Merchandise Mart Associates v. Pennsauken Township

3 N.J. Tax 275
CourtNew Jersey Tax Court
DecidedAugust 28, 1981
StatusPublished
Cited by9 cases

This text of 3 N.J. Tax 275 (Merchandise Mart Associates v. Pennsauken Township) is published on Counsel Stack Legal Research, covering New Jersey Tax Court primary law. Counsel Stack provides free access to over 12 million legal documents including statutes, case law, regulations, and constitutions.

Bluebook
Merchandise Mart Associates v. Pennsauken Township, 3 N.J. Tax 275 (N.J. Super. Ct. 1981).

Opinion

LARIO, J. T. C.

Plaintiff has filed local property tax appeals for the tax year 1978 for premises known as Block 255, Lot 3, and Block 255, Lot 5, which are land and buildings popularly known as the Pennsauken Merchandise Mart. By stipulation, the cases were consolidated for trial.

The assessments appealed from are as follows:

Original Assessment County Tax Board Action

Lot 5 Lot 3 Lot 5 Lot 3

Land $ 964,300 42,600 964,300 42,600

Improvements $3,005,100 -0-2,688,524 -0-

Total $3,969,400 42,600 3,652,824 42,600

The premises under appeal is a shopping center located at the intersections of Route 130, New Jersey State Highway 73 and Haddonfield Road. It is zoned C-l Commercial. Route 73 is a dual highway which is a direct access road leading to the Tacony-Palmyra Bridge located approximately three miles westward from the subject property. The bridge spans the Delaware River, connecting South Jersey with the northeast section of the City of Philadelphia.
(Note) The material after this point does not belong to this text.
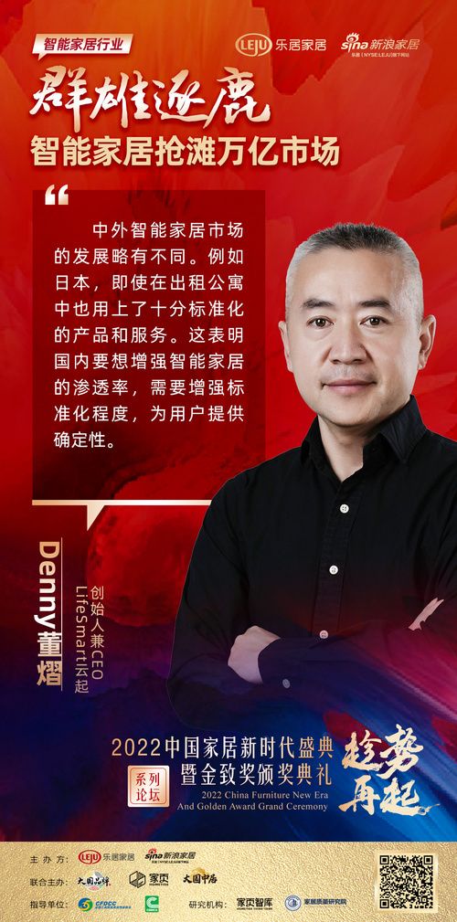| 新浪家居智能家居頻道獨家報道 2022年12月23日,新浪家居舉辦“趁勢?再起——2022中國家居新時代盛典暨金致獎頒獎典禮”系列論壇,其中智能家居行業(yè)特別舉辦“群雄逐鹿——智能家居搶灘萬億市場”線上分論壇。KNX協(xié)會中國區(qū)代表何檢、LifeSmart云起創(chuàng)始人兼CEO Denny董熠、摩根全屋智能戰(zhàn)略事業(yè)部總經(jīng)理胡先華、盈趣智能副總經(jīng)理林軍等幾位行業(yè)參與者一起論道智能家居,描繪行業(yè)未來發(fā)展圖譜。 LifeSmart云起創(chuàng)始人兼CEO Denny董熠表示,中外智能家居市場的發(fā)展略有不同。例如日本,即使在出租公寓中也用上了十分標(biāo)準(zhǔn)化的產(chǎn)品和服務(wù)。這表明國內(nèi)要想增強智能家居的滲透率,需要增強標(biāo)準(zhǔn)化程度,為用戶提供確定性。

The total land area consists of 30.31 acres, is fairly level with street grade, and is developed with 13 individual free-standing, one-story, commercial-type properties that are similar in architectural style and building materials to the other surrounding improvements.

[278]*278During the course of the trial it was stipulated that the State of New Jersey had acquired part of the subject site adjacent to New Jersey State Highway, Ramp A, and Haddonfield Road. This land acquisition reduced the overall land area from 35.77 acres to 30.31 acres. It was further agreed that the original land assessment of $964,300 on Lot 5 and $42,600 on Lot 3 represented their true value prior to the taking by the State, and, that as a result of the acquisition the true value of the remaining total land value on this land is $889,300. It was further agreed that this value is allocated $846,700 to Lot 5 and $42,600 to Lot 3.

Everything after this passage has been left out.